→ DATA SHOWN
..............................

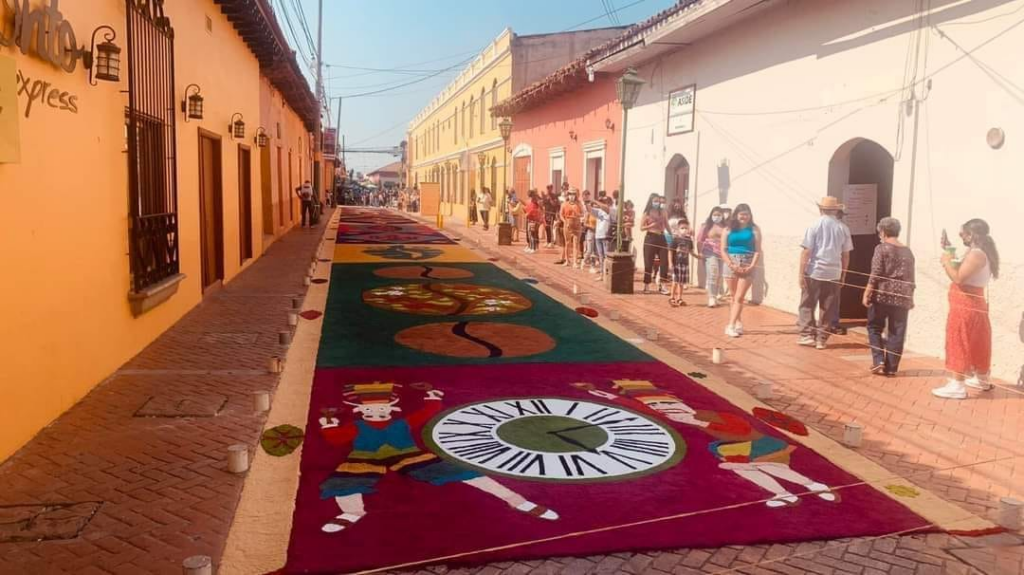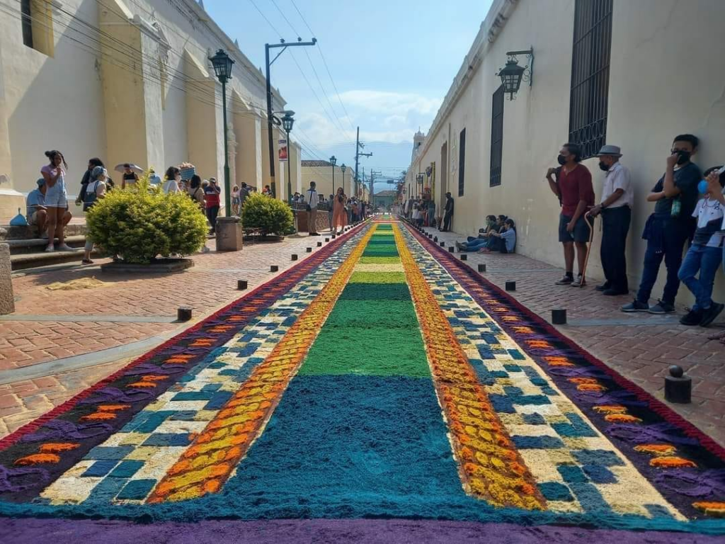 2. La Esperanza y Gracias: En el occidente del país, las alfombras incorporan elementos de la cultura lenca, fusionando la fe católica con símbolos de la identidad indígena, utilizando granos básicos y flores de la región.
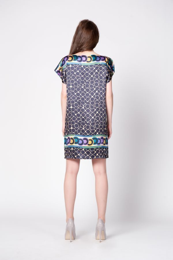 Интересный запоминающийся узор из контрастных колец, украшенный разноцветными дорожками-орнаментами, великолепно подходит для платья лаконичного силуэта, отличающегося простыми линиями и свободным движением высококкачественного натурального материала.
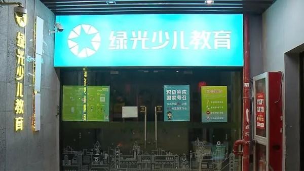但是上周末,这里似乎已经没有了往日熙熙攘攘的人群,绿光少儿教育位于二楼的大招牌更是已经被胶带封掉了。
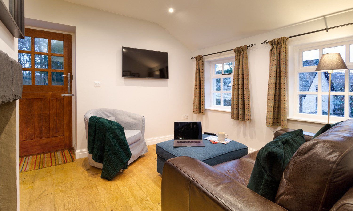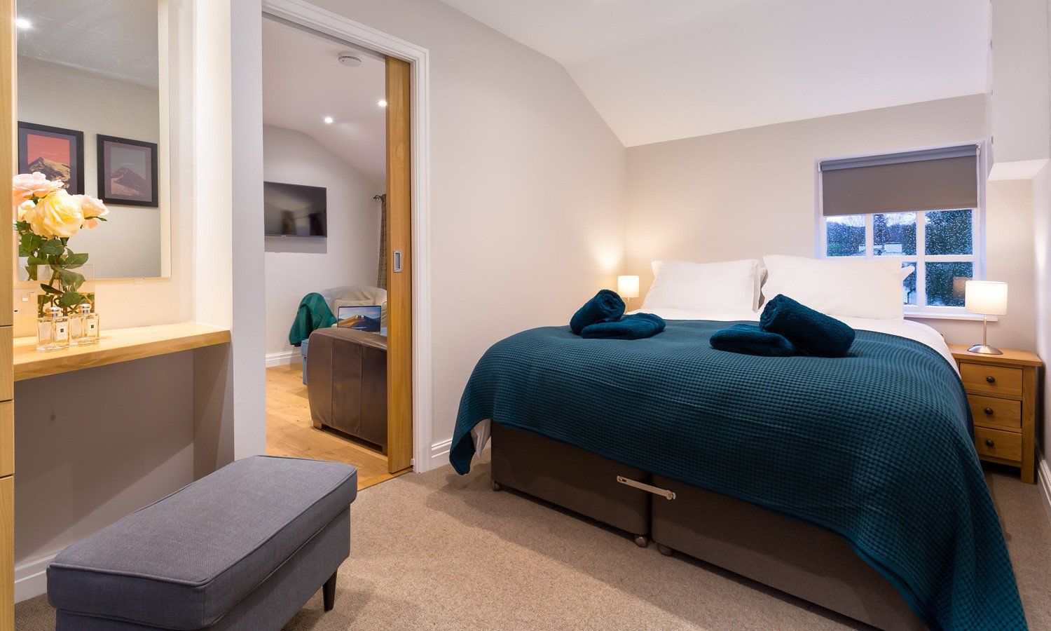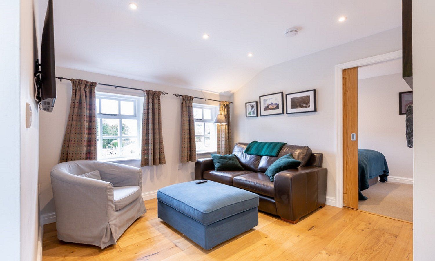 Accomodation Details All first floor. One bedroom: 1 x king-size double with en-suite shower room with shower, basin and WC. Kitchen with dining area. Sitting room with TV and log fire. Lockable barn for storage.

..............................

→ DIRECTIONS FOR THIS TASK
Pictures stay out; reproduce exactly the lines from the one containing "Интересный запоминающийся узор" through the last line of the listing, both included.

→ YOUR RESPONSE
 Интересный запоминающийся узор из контрастных колец, украшенный разноцветными дорожками-орнаментами, великолепно подходит для платья лаконичного силуэта, отличающегося простыми линиями и свободным движением высококкачественного натурального материала.
但是上周末,这里似乎已经没有了往日熙熙攘攘的人群,绿光少儿教育位于二楼的大招牌更是已经被胶带封掉了。
 Accomodation Details All first floor. One bedroom: 1 x king-size double with en-suite shower room with shower, basin and WC. Kitchen with dining area. Sitting room with TV and log fire. Lockable barn for storage.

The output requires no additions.